* [Exercise requirements]: In the entries that follow, find the line containing "激光针治疗粉刺可能存在皮肤红肿、疼痛、色素沉着、感染、形成瘢痕等危害。" and the line containing "Cùng với VIC, loạt", then copy exactly everything from the first through the second except the pictures.

* [Data for review]:

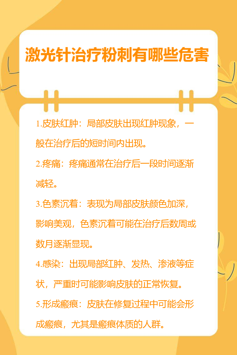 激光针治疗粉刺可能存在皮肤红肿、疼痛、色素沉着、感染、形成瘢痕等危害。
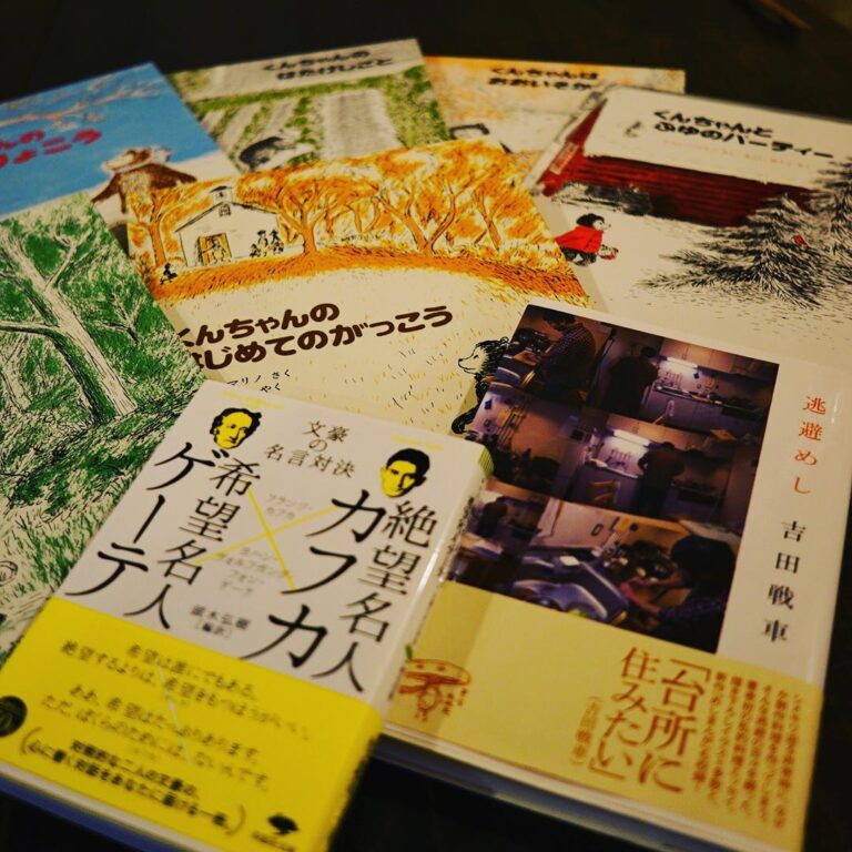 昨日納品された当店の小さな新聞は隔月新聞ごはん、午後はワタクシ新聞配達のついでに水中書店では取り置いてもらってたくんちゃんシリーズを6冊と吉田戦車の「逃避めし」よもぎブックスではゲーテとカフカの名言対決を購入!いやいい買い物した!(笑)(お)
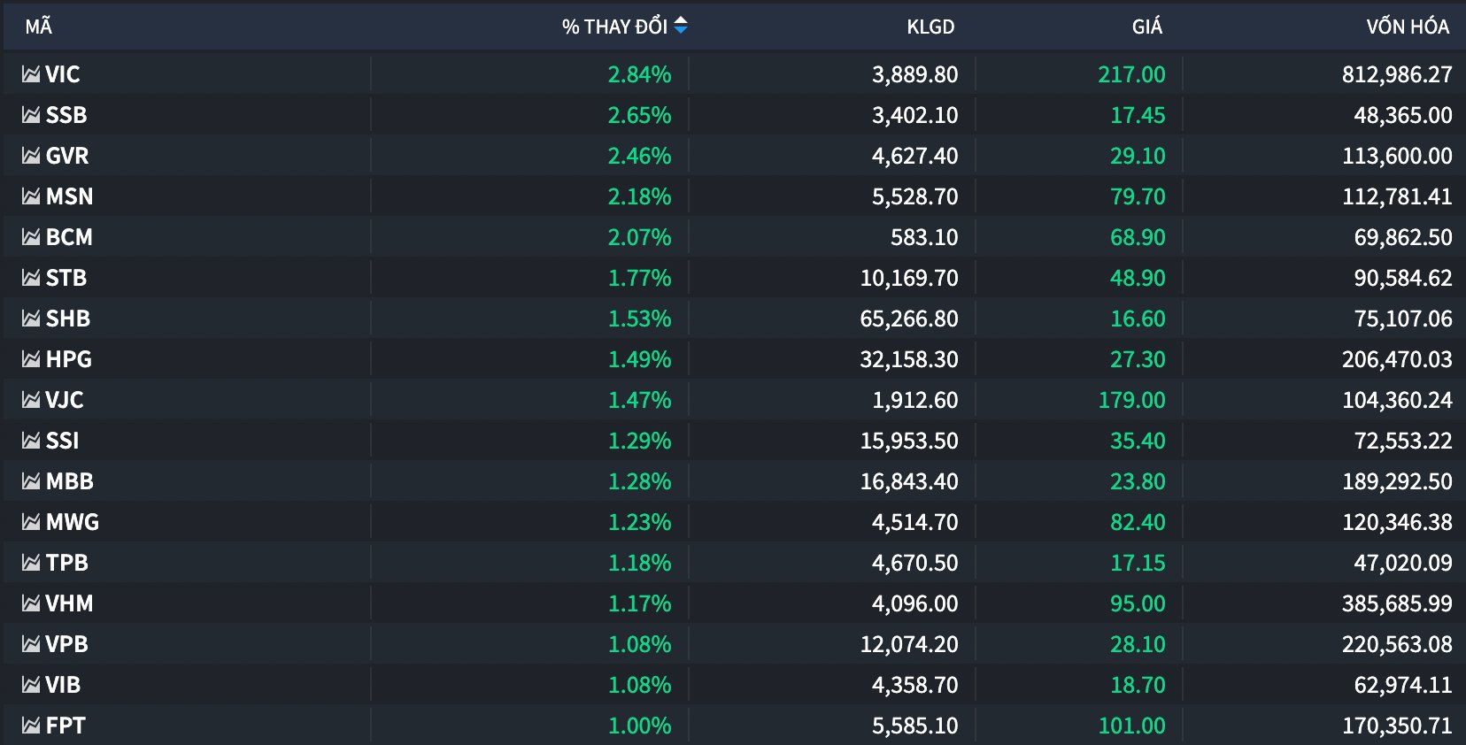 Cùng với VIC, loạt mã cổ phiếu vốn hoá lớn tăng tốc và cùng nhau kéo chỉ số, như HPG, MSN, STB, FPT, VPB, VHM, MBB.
---
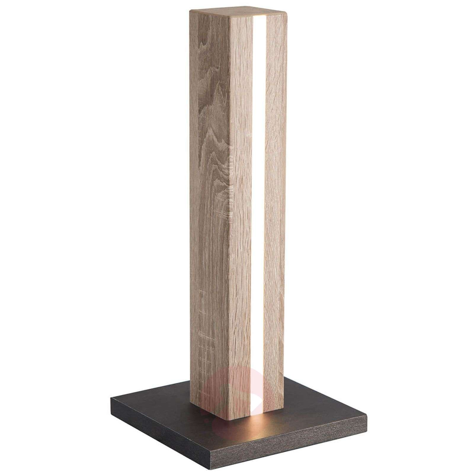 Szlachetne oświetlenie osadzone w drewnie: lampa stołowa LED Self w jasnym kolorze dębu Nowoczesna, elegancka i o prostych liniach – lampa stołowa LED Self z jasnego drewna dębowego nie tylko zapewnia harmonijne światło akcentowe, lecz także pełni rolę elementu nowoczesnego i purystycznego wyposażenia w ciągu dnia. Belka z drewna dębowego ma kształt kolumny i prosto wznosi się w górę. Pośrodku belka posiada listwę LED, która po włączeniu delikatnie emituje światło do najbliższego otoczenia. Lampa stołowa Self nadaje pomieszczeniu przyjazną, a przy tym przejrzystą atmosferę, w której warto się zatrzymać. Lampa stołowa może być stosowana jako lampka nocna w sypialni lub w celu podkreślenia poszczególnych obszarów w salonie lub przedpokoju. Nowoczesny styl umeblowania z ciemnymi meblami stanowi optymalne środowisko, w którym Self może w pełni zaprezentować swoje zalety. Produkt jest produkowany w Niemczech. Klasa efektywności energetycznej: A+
* * *
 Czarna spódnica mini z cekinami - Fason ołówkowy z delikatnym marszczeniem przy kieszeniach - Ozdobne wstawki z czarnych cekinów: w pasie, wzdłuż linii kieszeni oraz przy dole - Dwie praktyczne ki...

* [Problem solution]:
 激光针治疗粉刺可能存在皮肤红肿、疼痛、色素沉着、感染、形成瘢痕等危害。
 昨日納品された当店の小さな新聞は隔月新聞ごはん、午後はワタクシ新聞配達のついでに水中書店では取り置いてもらってたくんちゃんシリーズを6冊と吉田戦車の「逃避めし」よもぎブックスではゲーテとカフカの名言対決を購入!いやいい買い物した!(笑)(お)
 Cùng với VIC, loạt mã cổ phiếu vốn hoá lớn tăng tốc và cùng nhau kéo chỉ số, như HPG, MSN, STB, FPT, VPB, VHM, MBB.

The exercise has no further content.